It is refreshing to finally have a real union man in this
position.
Recently
ACRE was officially notified by the MTA that ACRE has the
55/20 benefit for health and welfare coverage in the MTA
Pension Plan. The notification came 2 ½ years after
ACRE ratified their “historic” contract. ACRE does not have
the 55/10 provision as previously claimed. The LIRR unions
have the 55/10 benefit. The 55/20 is a benefit for an employee
retiring at age 55 with 20 years of service to receive the
medical coverage until age 65.
ACRE
still insists after 3 months the M-N Coalition initialed
a contract. The Coalition signed a term sheet in late June.
A contract offer is a Memorandum of Understanding. If the
Coalition had signed a contract offer 3 months ago, it would
have been circulated for ratification or Metro-North would
have filed a complaint with the National Mediation Board.

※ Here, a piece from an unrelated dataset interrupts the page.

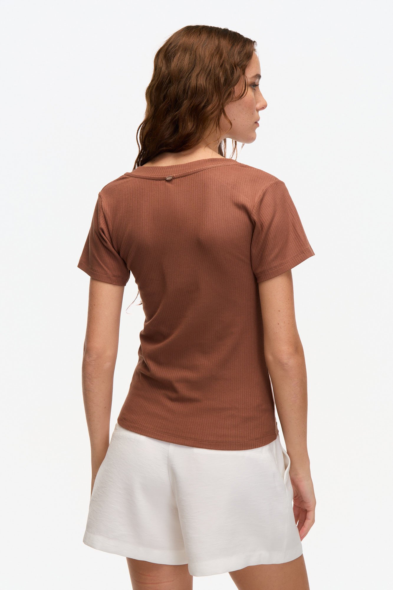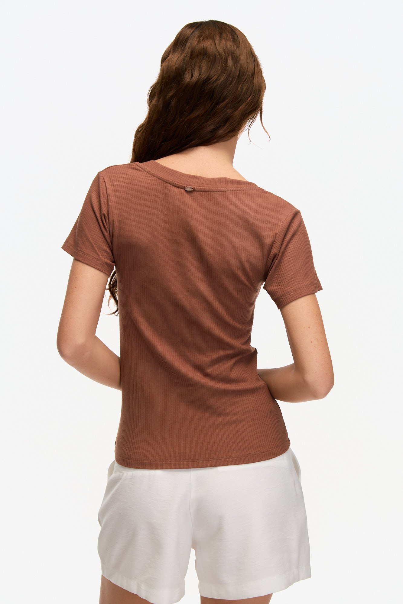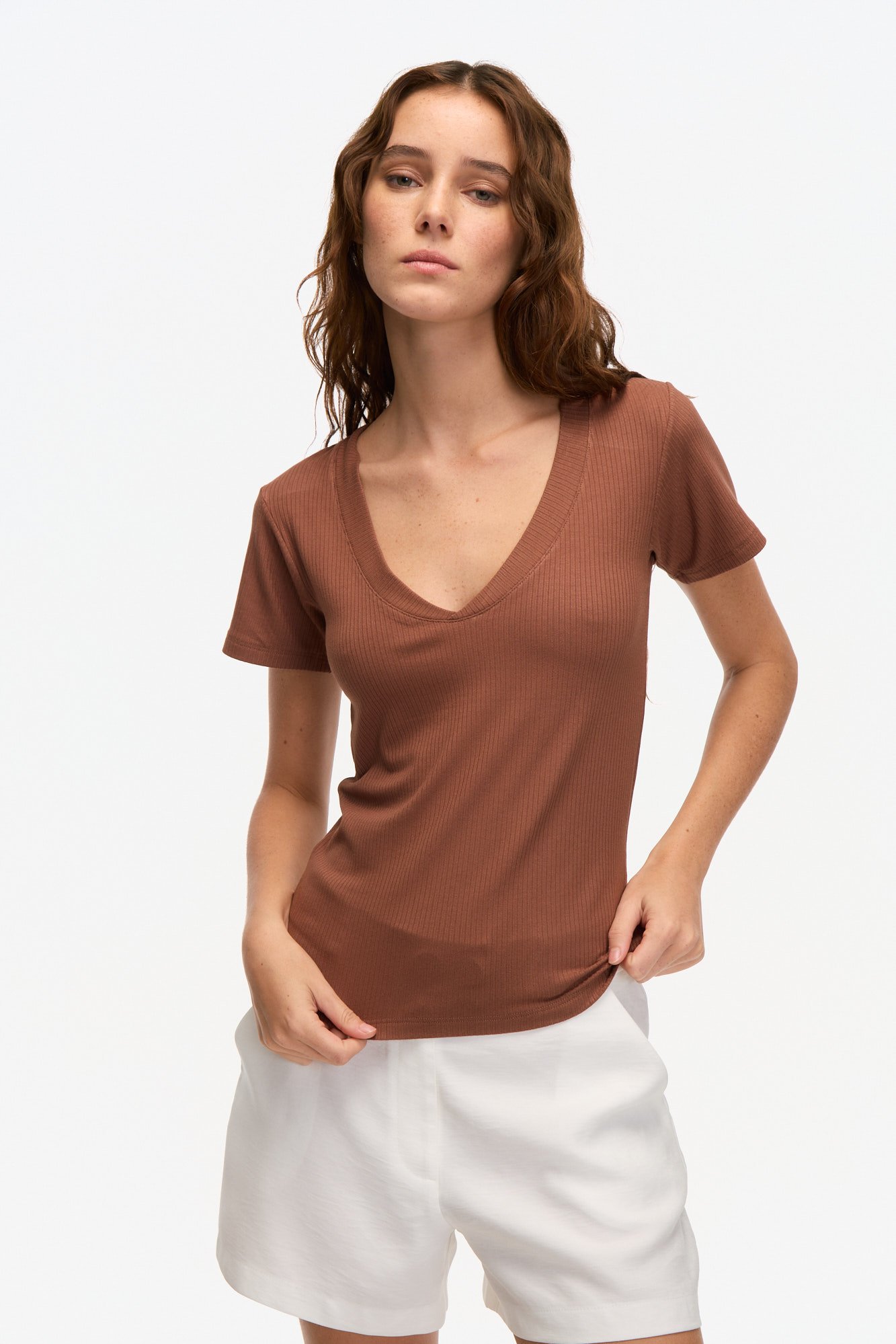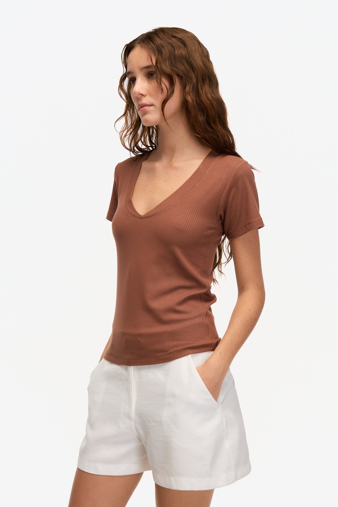 CONFECCIONADA EN TEJIDO MORLEY DE RAYÓN CON SPANDEX, SUAVE Y ELÁSTICO. DISEÑO DE MANGAS CORTAS, ESCOTE EN “V” Y SILUETA AL CUERPO CON LARGO A LA CADERA.

(see Local 817 newsletter for verification,
appendix I) ACRE probably does not realize what a term
sheet is, ACRE signs whatever contract offer the MTA places
on the table.
The
2005 LM2 reports for ACRE Local Division 9 still have not
been received by the U.S. Department of Labor. These documents
were supposed to be filed by 3/31/06.
ACRE's
endorsement of Jeanine Pirro for N.Y. State Attorney General
was certainly ill advised. Review the article regarding
Jeanine Pirro's term of office as Westchester's County District
Attorney, which appeared in the Westchester Guardian (see
appendix II). The coverage of her troubles have been
well documented in the media these past several weeks.
ACRE
Local Division 1 announced that they advised ACRE members
participating in the Tims program to return the machines
because ACRE could not reach an agreement with Metro-North
for compensation for Train Service Members operating a Tims.
The program was a pilot program that expired on 8/31/06.
(see page 2 of the attached article from The Bulletin, NY
Division, Electric Railroaders' Association dated July 2006,
appendix
III). If ACRE attempted to secure an agreement for train
service members operation of the Tims machines, the agreement
should have been completed before ACRE members participated
in the program.
ACRE
is again informing members that ACRE will not accept a co-payment
of health and welfare benefits by members without obtaining
the lifetime medical coverage. ACRE has altered their position
several times this year concerning the co-payment issue.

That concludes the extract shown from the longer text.